(a) Substantially responsible. The Corporation, as receiver of a covered financial company, may file an action to recover from any current or former senior executive or director substantially responsible for the failed condition of the covered financial company any compensation received during the 2-year period preceding the date on which the Corporation was appointed as the receiver of the covered financial company, except that, in the case of fraud, no time limit shall apply. A senior executive or director shall be deemed to be substantially responsible for the failed condition of a covered financial company that is placed into receivership under the orderly liquidation authority of the Dodd-Frank Act if he or she:

(1) Failed to conduct his or her responsibilities with the degree of skill and care an ordinarily prudent person in a like position would exercise under similar circumstances, and

(2) As a result, individually or collectively, caused a loss to the covered financial company that materially contributed to the failure of the covered financial company under the facts and circumstances.

(b) Presumptions. The following presumptions shall apply for purposes of assessing whether a senior executive or director is substantially responsible for the failed condition of a covered financial company:

(1) It shall be presumed that a senior executive or director is substantially responsible for the failed condition of a covered financial company that is placed into receivership under the orderly liquidation authority of the Dodd-Frank Act under any of the following circumstances:

(i) The senior executive or director served as the chairman of the board of directors, chief executive officer, president, chief financial officer, or in any other similar role regardless of his or her title if in this role he or she had responsibility for the strategic, policymaking, or company-wide operational decisions of the covered financial company prior to the date that it was placed into receivership under the orderly liquidation authority of the Dodd-Frank Act;

(ii) The senior executive or director is adjudged liable by a court or tribunal of competent jurisdiction for having breached his or her duty of loyalty to the covered financial company;

(iii) The senior executive was removed from the management of the covered financial company under 12 U.S.C. 5386(4); or

(iv) The director was removed from the board of directors of the covered financial company under 12 U.S.C. 5386(5).

(2) The presumption under paragraph (b)(1)(i) of this section may be rebutted by evidence that the senior executive or director conducted his or her responsibilities with the degree of skill and care an ordinarily prudent person in a like position would exercise under similar circumstances. The presumptions under paragraphs (b)(1)(ii), (b)(1)(iii) and (b)(1)(iv) of this section may be rebutted by evidence that the senior executive or director did not cause a loss to the covered financial company that materially contributed to the failure of the covered financial company under the facts and circumstances.

(3) The presumptions do not apply to:

(i) A senior executive hired by the covered financial company during the two years prior to the Corporation's appointment as receiver to assist in preventing further deterioration of the financial condition of the covered financial company; or

(ii) A director who joined the board of directors of the covered financial company during the two years prior to the Corporation's appointment as receiver under an agreement or resolution to assist in preventing further deterioration of the financial condition of the covered financial company.

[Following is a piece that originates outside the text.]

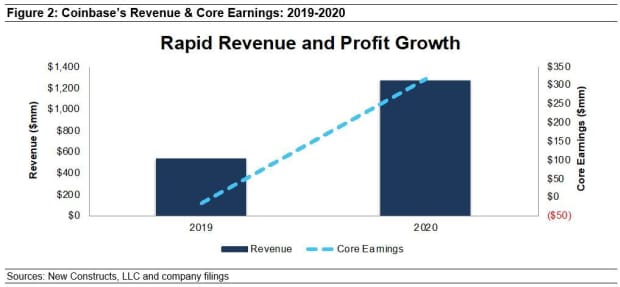 Current profits are a drop in the bucket compared to expectationsCoinbase stands out against recent IPOs due to the fact it actually generates a profit. Coinbase grew revenue by 139% year-over-year in 2020, and core earnings, under our calculation, improved from -$17 million to $317 million over the same time. In the first quarter of 2021, revenue grew more than 9 time year over year (YoY).
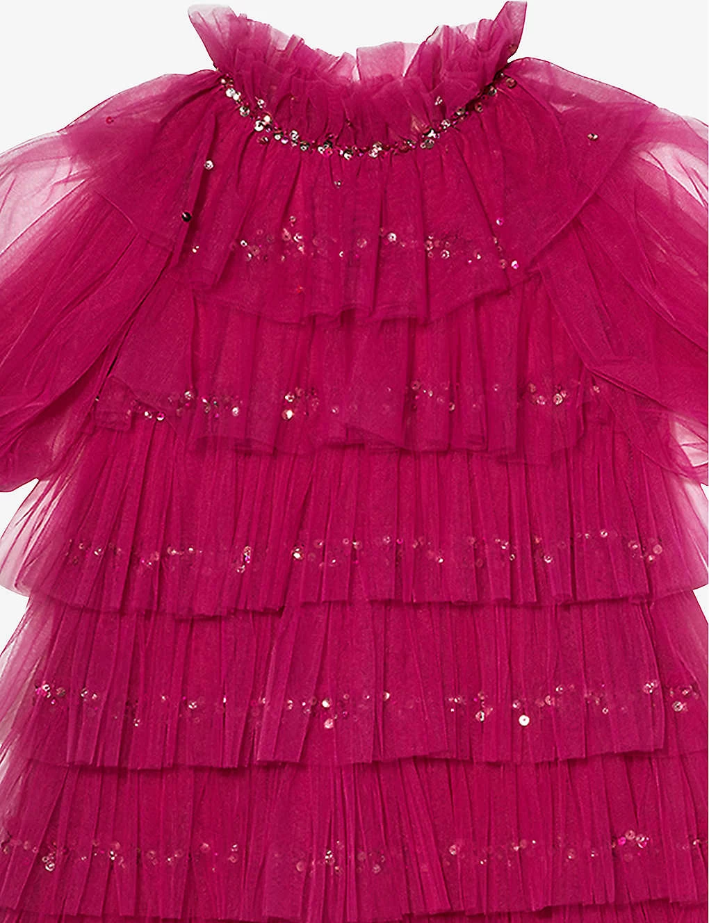- High neckline, sequin-embellishment at the neck, short sleeves, sheer sleeves, all-over tiered design, sequin embellishment

(4) Notwithstanding that the presumption does not apply under paragraphs (b)(3)(i) and (ii) of this section, the Corporation as receiver still may pursue recoupment of compensation from a senior executive or director in paragraphs (b)(3)(i) or (ii) if they are substantially responsible for the failed condition of the covered financial company.

(c) Savings Clause. Nothing in this section shall limit or impair any rights of the Corporation as receiver under other applicable law, including any rights under title II of the Dodd-Frank Act to pursue any other claims or causes of action it may have against senior executives and directors of the covered financial company for losses they cause to the covered financial company in the same or separate actions.